Language Detection Geekery
There have been a few questions on the Twitter API development list asking about how search.twitter.com is able to detect the language of a tweet. The methods used are nothing new to the field of natural language processing (NLP), but most developers haven't studied much NLP. I'll cover the industry standard method we're using, as well as the shortcomings. I'm a language geek but not a linguist or NLP scientist so I started with a knowledge of programming but not of the existing techniques for language detection. I was able to recognize spoken and written languages I didn't speak and that sparked my interest in what I was gleaning that information from. I'm no protege so there must be some simple mental process. I thought language-specific search would be nice so I read up and started on the code.
Most Common Words
My first thought was that you can determine a language by using some of the most common words. I spent a lazy Saturday afternoon thinking about it and came up with an idea. While 'die' is a word in English, it's a very common article in German (feminine 'the'). I started to think about how I could leverage that knowledge to detect languages but ran into a wall. You see, I speak German so it wasn't a good explanation for my ability to pick up the difference between spoken Chinese and Korean. Those two bring up a good point, the way I determine those in writing (characters) differs from how I do in speech (tones). In languages, the most common words tend to be the shortest and with only a limited number of syllables it seemed like my common-words method was doomed to failure.
It seemed clear my first idea wasn't going to work but it seemed close to a statistical method for identifying a language. That phrase 'statistical method' made me think of conference papers so I started searching those. That reading not only brought me up to speed on the current state of language detection, but increased my general language interest.
I was pleasantly surprised to find out I wasn't totally off base in looking at distribution of the data.
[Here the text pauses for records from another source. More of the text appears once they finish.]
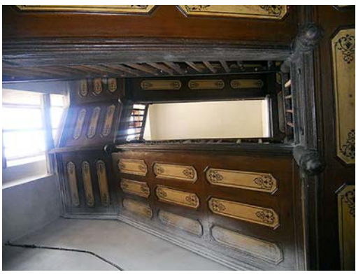
Fig. 25. Ornamental paintings of the wooden staircase (44 Doroshenka Str.).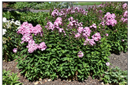
Volcano Pink with White Eye Garden Phlox in bloom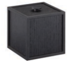
BLACK STAINED ASH BL40103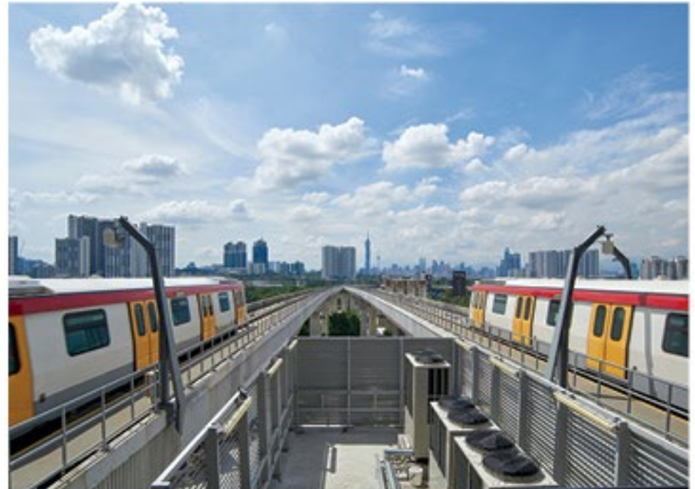
MRT2 (V204 & S204) Bandar Malaysia South Portal to Kampung Muhibbah, Malaysia 捷运第二路线 (V204 及 S204) 马来西亚城南站至亲善村, 马来西亚

凭借卓越的建筑项目组合，该集团不仅完成了三个屡获殊荣的 F1 赛道，还在建设超过 500 公里的高速公路、主导五个机场项目，并在马来西亚、印度、卡塔尔和巴林推进多个可持续发展项目方面取得了卓越成就。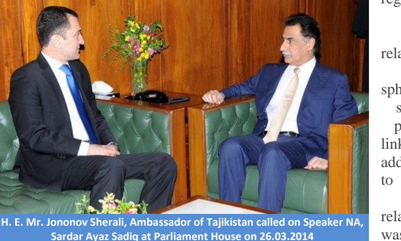
National Tailliston Mr. Mr.

has been registered in Pakistan-Tajikistan relations different spheres though; strengthening parliamentary linkages would add substance to the existing bilateral relations. He was talking to Ambassador of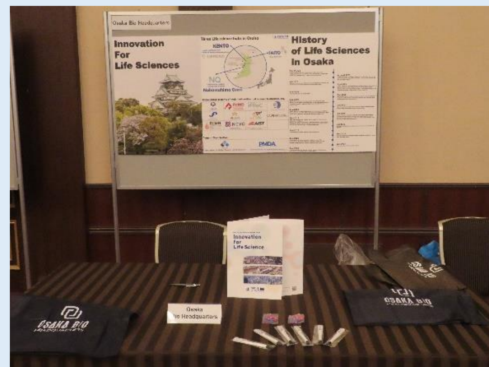
Cluster promotion desk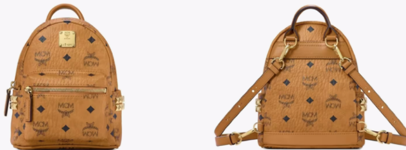
STARK BEBE BOO SIDE STUDS BACKPACK IN VISETOS (X-MINI)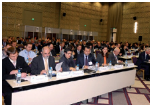
Black Sea regions strengthen their ties in Batumi (GE), April

Interregional cooperation, besides regional democracy, is also a key element for stability: this is why we asked for a strengthening of regional programmes in the future ENP. In challenging areas such as the Black Sea Basin joint projects among regions can help to promote dialogue and foster cooperation. The major Conference organised on 5-6 April in Batumi, Ajara a.R. (Georgia) helped to identify concrete axis of improvement regarding the next generation of ENP programmes. Held a few days before the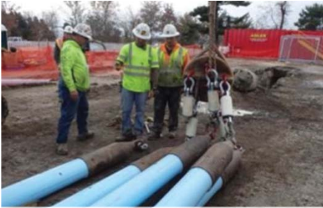
Southern Maryland Electric Cooperative Lexington Park, MD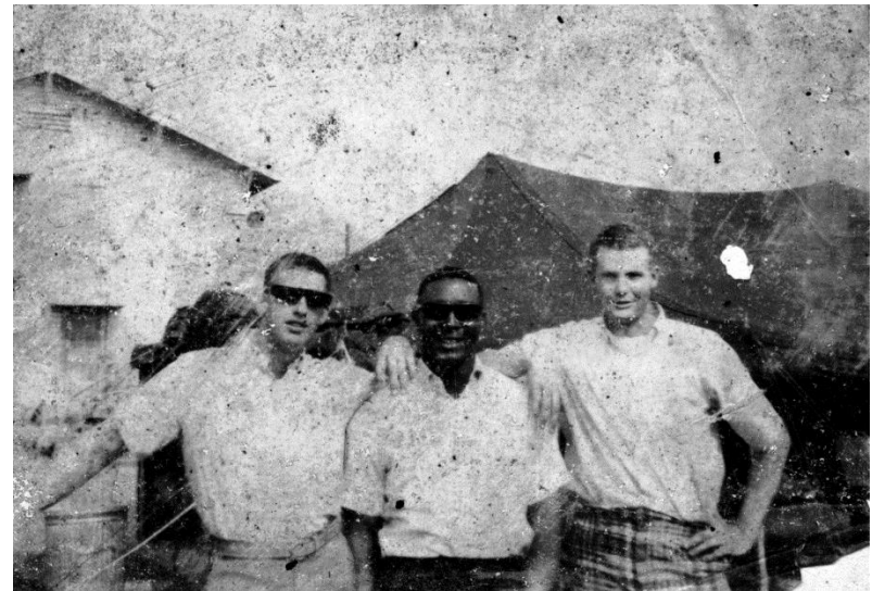
unk with Art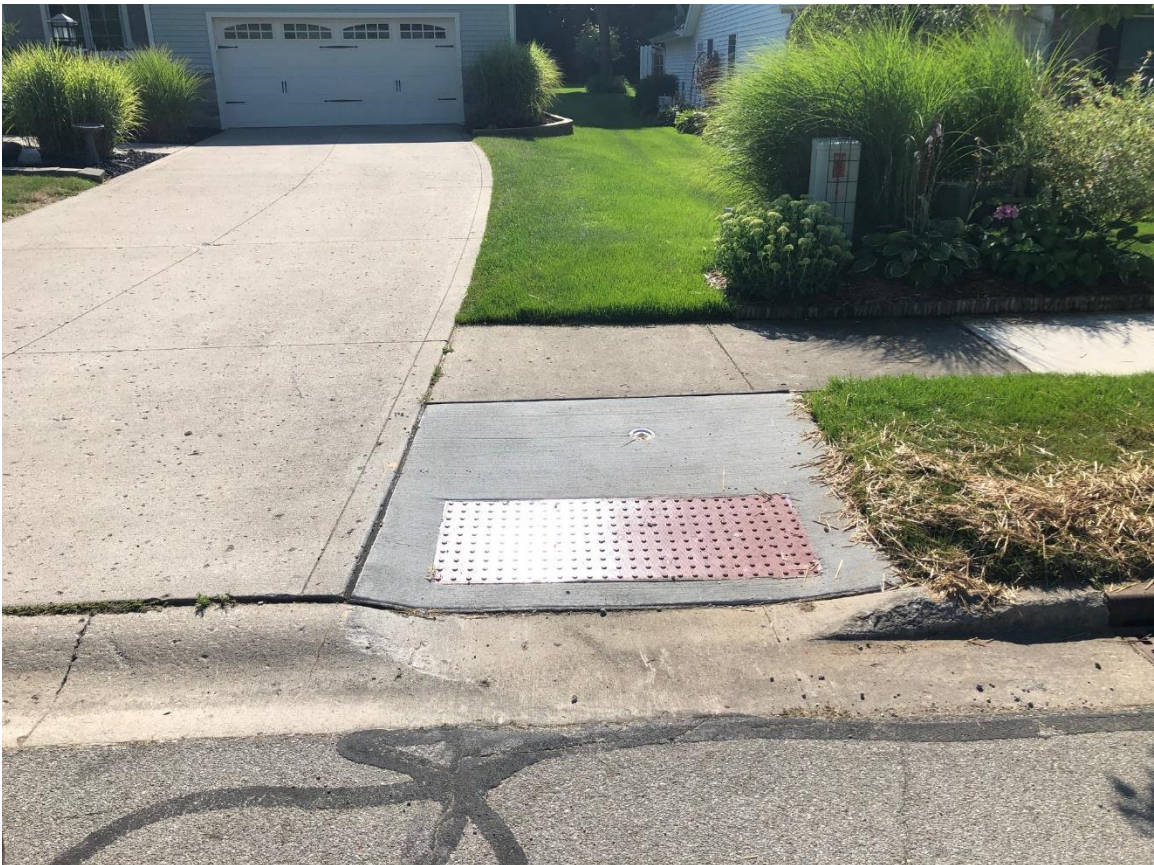
5 – Carnoustie Circle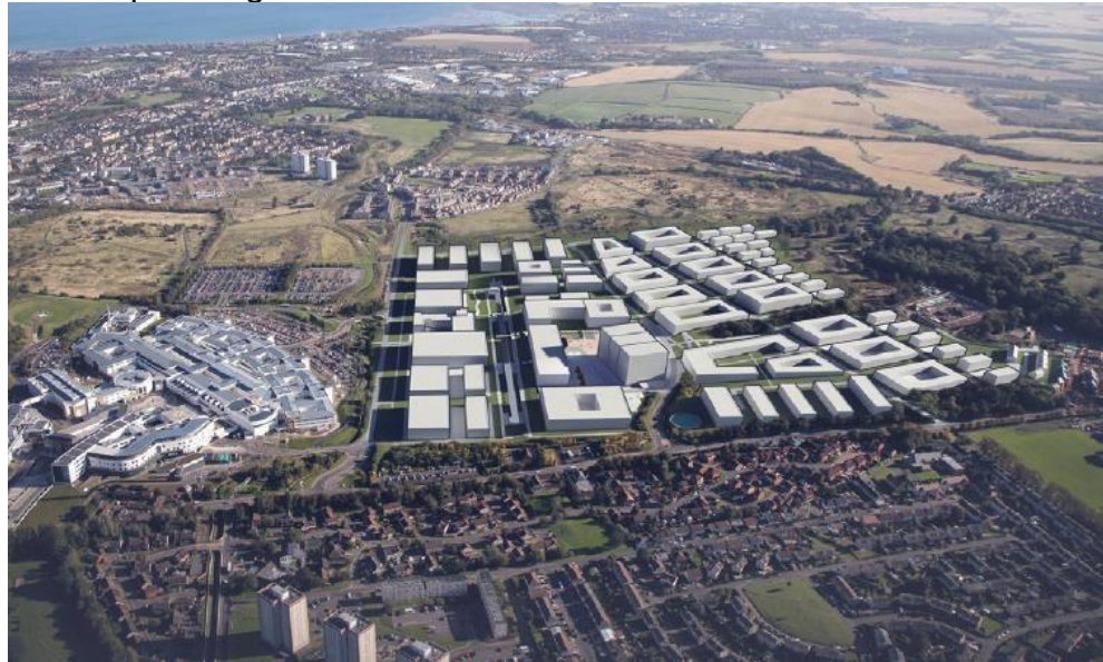
Figure 5. Aerial view of the Edinburgh BioQuarter site (Credit: Oberlanders Architects)

The project explores the supply of heat to the Edinburgh BioQuarter site via a heat network. This is proposed to serve new buildings on Edinburgh's BioQuarter site masterplan, with connection to existing buildings on site in due course, including the NHS Royal Infirmary of Edinburgh and the Royal Hospital for Children and Young People, and the potential to serve social housing off-site. The feasibility study examines the potential for a new heat network or connection to the upcoming Shawfair Heat Network in Midlothian.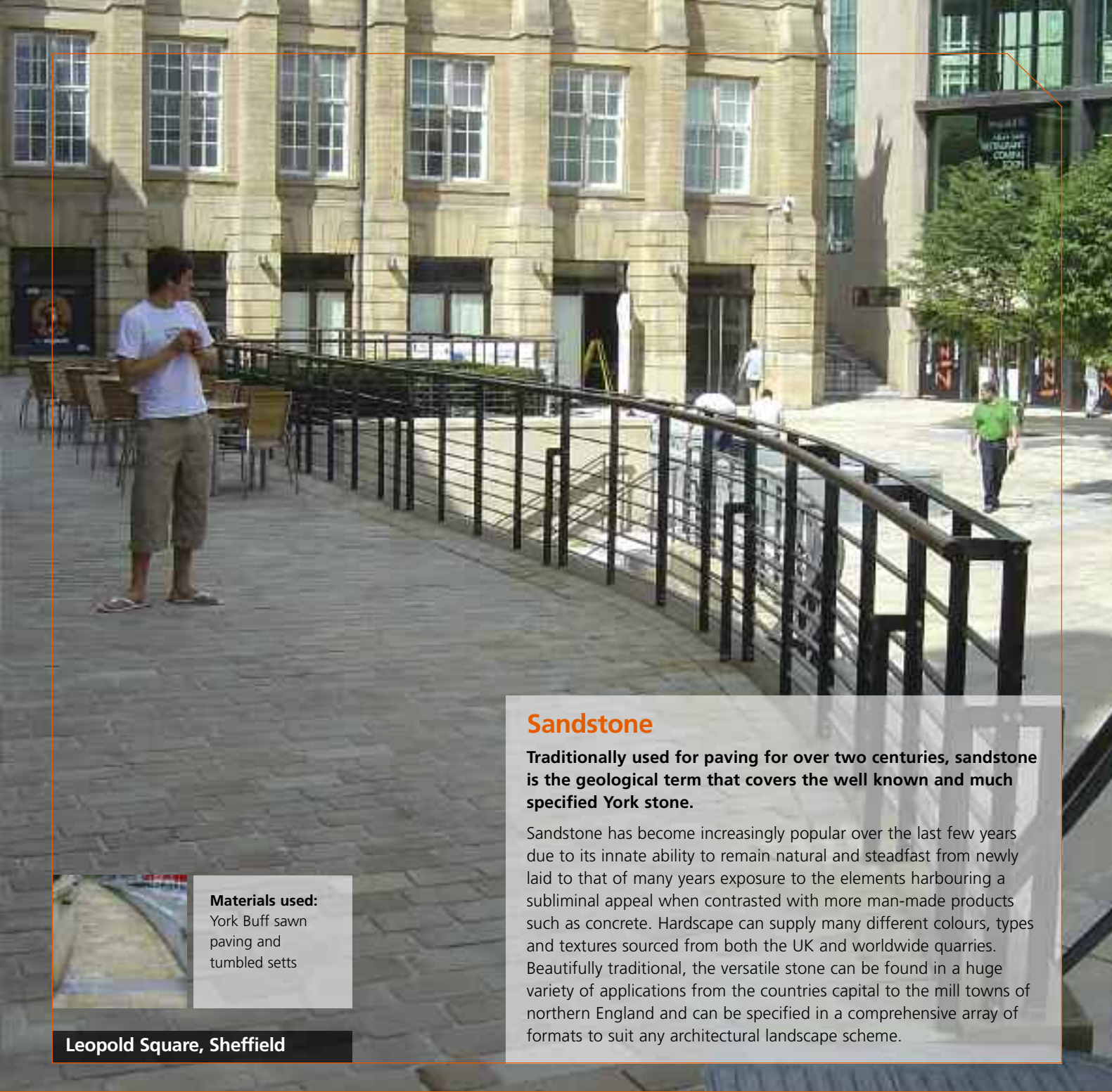
Leopold Square, Sheffield

Materials used: York Buff paving and tumbled setts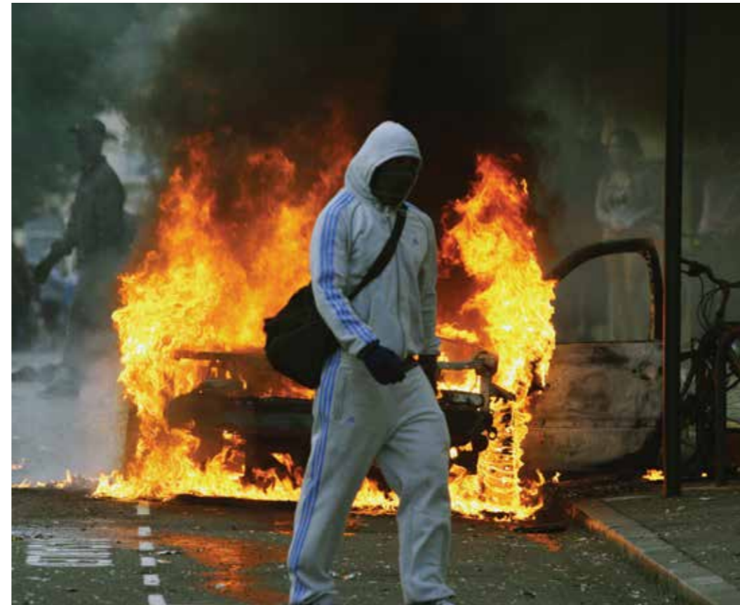
Vulnerability to violence is a universal issue: London suffers rioting and looting in August 2011.

While some countries have been seriously affected by armed conflict, people everywhere face insecurity in their lives. Any goal on peace, justice and governance should look beyond what some Member States refer to as “special situations” and ensure that freedom from fear is promoted in all countries.

It's the basis of statistical analysis so how could I really be that far off, but being new to all of this I feared I had made the most rookie of mistakes. It turns out that if you chop words up into groups of letters and store the distribution for each language they are different enough to let you determine a language with pretty good accuracy.
This method is very successful but in requires that you have a large set of training data for each language in order to get an accurate distribution. There are some academic collections you can use, but not for a commercial product. My background in is in web crawlers, so crawling a series of sites for each language seemed reasonable. The problem was, without language detection I wouldn't know what language it was. A bit of a catch-22.
Enter Wikipedia. There data is divided by language, freely available, large, and created on a variety of subjects by a variety of authors. In my brief NLP and language reading I had already learned that the subject, author and audience of a work will have a large influence on the types of words used. For example, if you did your English training on legal contracts you would think we say use much more Latin that we really do.
The code for doing this character distribution work can be found in Nutch. That code was hard to find when searching for language detection. Being a crawler developer I remembered seeing it and verified it works based on character distribution. My crawlers and my language hobby were coming together at last. I did some crawling for additional languages from Wikipedia and then realized that ideographic language fail using this method since they don't use as restrictive of an alphabet.
While the character distribution method handles languages using the Latin alphabet really well it does break down on some other alphabets. It works surprisingly well on languages using the Arabic alphabet (Arabic, Farsi, etc), as well as Cyrillic, Hebrew and a slew of others. I am guessing any semi- phonetic language is going to match that pattern. Where it has problems is Kanji, since a word is not made up of a combination of characters from a small set.
I don't speak Chinese or Japanese but I used them as a good example of two ideographic languages that the character distribution method fails to differentiate. What's interesting between these two is that Japanese actually uses several different character sets for text. You can see in the Unicode table there are Kanji, Hiragana and Katakana … which got me thinking: What if you used the statistical distribution of character sets?
As it turns out this gives reasonably good results. Good enough that they are worth keeping. I removed all ideographic training data from the character distribution check and made the code try a second method where it checks the character set distribution. A bit of manual evaluation and some checks for minimum confidence later and it seems like we are sorting Chinese from Japanese correctly often enough to make me, a non-speaker, happy.
I'm not a linguist. I'm not a computational linguist. I'm a programmer who is facinated with language. I learned the basics of language detection and extended it a little to cover ideographic scripts. I've had some success and I hope this helps you have a little too. Our training data still needs some work, but I think over all I've found a solution that is pretty damn good for the cost … which was my time and a little CPU.